Много времени я у тебя не отниму, братец Фил, — принялась убеждать, улещать несговорчивую натуру Вероника, — сделаю этюдно в цифре десяток-другой, может, с полторы сотни эскизиков, состряпаю виртуальную модель в характерных детальках…
С цельномраморным монолитом уродоваться и не подумаю. Отолью из порошка в технике, отработанной на Афродите. Затем вручную отшлифую тебя, милок, до блеска и матового муара. После глянец в мужеской детализированной красе наведу, сверху и снизу.
— Преувеличивать ничего мне тут не будешь, конгенитально, скажем? — мнительно осведомился Филипп. — Патрик на тебя мне как-то жаловался по поводу твоего гиперреализма.
— Будь спок. Как есть, так и будет, виртуально, реально. На загляденье не больше и не меньше. Рационально и сверхрационально.

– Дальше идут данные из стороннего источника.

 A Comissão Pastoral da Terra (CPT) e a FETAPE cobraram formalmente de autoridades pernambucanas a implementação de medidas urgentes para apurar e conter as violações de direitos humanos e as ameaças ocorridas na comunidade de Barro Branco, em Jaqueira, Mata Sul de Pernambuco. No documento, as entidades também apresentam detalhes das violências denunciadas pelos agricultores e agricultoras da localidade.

Вали в душ и одевайся, мил человек. Неча здесь прежде времени голым мужеством отсвечивать… Там перекусим, чем Бог послал, выпьем хорошего дагестанского коньячку за успех нашего сверхнадежного дела…
— …Братец Фил, я вот что тебе скажу… — исповедально произнесла Вероника, взяв Филиппа за руку. — Можешь отпираться понапрасну, ей же ей, не поверю…

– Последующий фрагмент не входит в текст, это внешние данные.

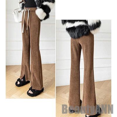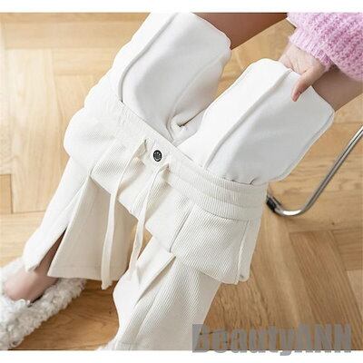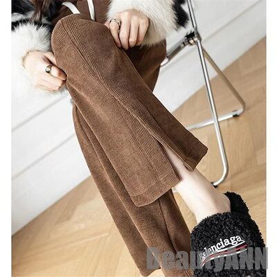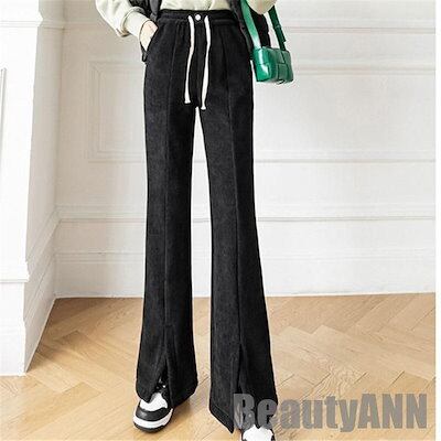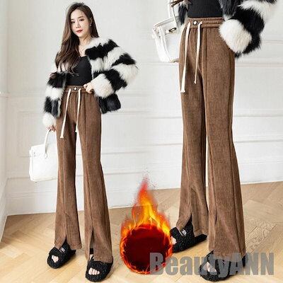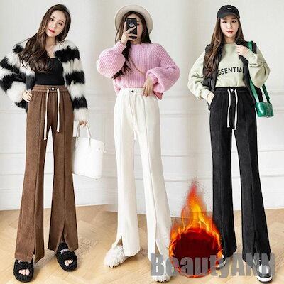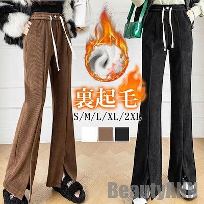 新生活 ワイドパンツ レディース 秋 冬 裏起毛 スリット ガウチョパンツ ウエストゴム 暖かい ゆったり あったかい 防寒 ロング パンツ ボトムス プレゼント ギフト

Вам с Патриком мне глаза не отвести, пускай на тебе и висит навороченный ритуал сокрытия. Слишком хорошо я знаю вверенное моим заботам твое тело. Уровень у тебя, Фил, круто зашкаливает за двенадцатый круг посвящения…
Насколько далеко, не могу сказать. Да и ни к чему глупой бабе соваться в многоразумные дела старых рыцарей-адептов.
Одно хочу тебе сказать… Погоди, сам повремени становиться адептом. Ну хотя бы до тех пор, пока я не рожу тебе сына. Потерпи, милок, каких-то девять месяцев.
Ты ведь всех нас за собой тянешь в даль туманную: меня, Настену, Анфиску, Машку. Нонче Прасковью нехило захомутал и захоботал.
Вот на прошлой неделе Патрик раз и вычислил у меня десятый круг посвящения. Ей-ей, благослове душе моя Господе.
И благодаря тебе одному, не кому-нибудь другому!
Мой мастер-арматор Николаша сперва не поверил, после того чуть с ума дедуля не съехал от превеликой радости. Что в лобок, что по лбу.
Раньше-то все думали, словно бы «девятка» — мой крайний предел, ультима Тула, как харизматика младшего поколения. Дескать, сиди на жердочке птичка-невеличка, чирикай себе еле слышно.
Теперь я сама не знаю, радоваться мне или горевать… Патрик намекает: не исключено, и двенадцатая ступенечка у меня не за горами.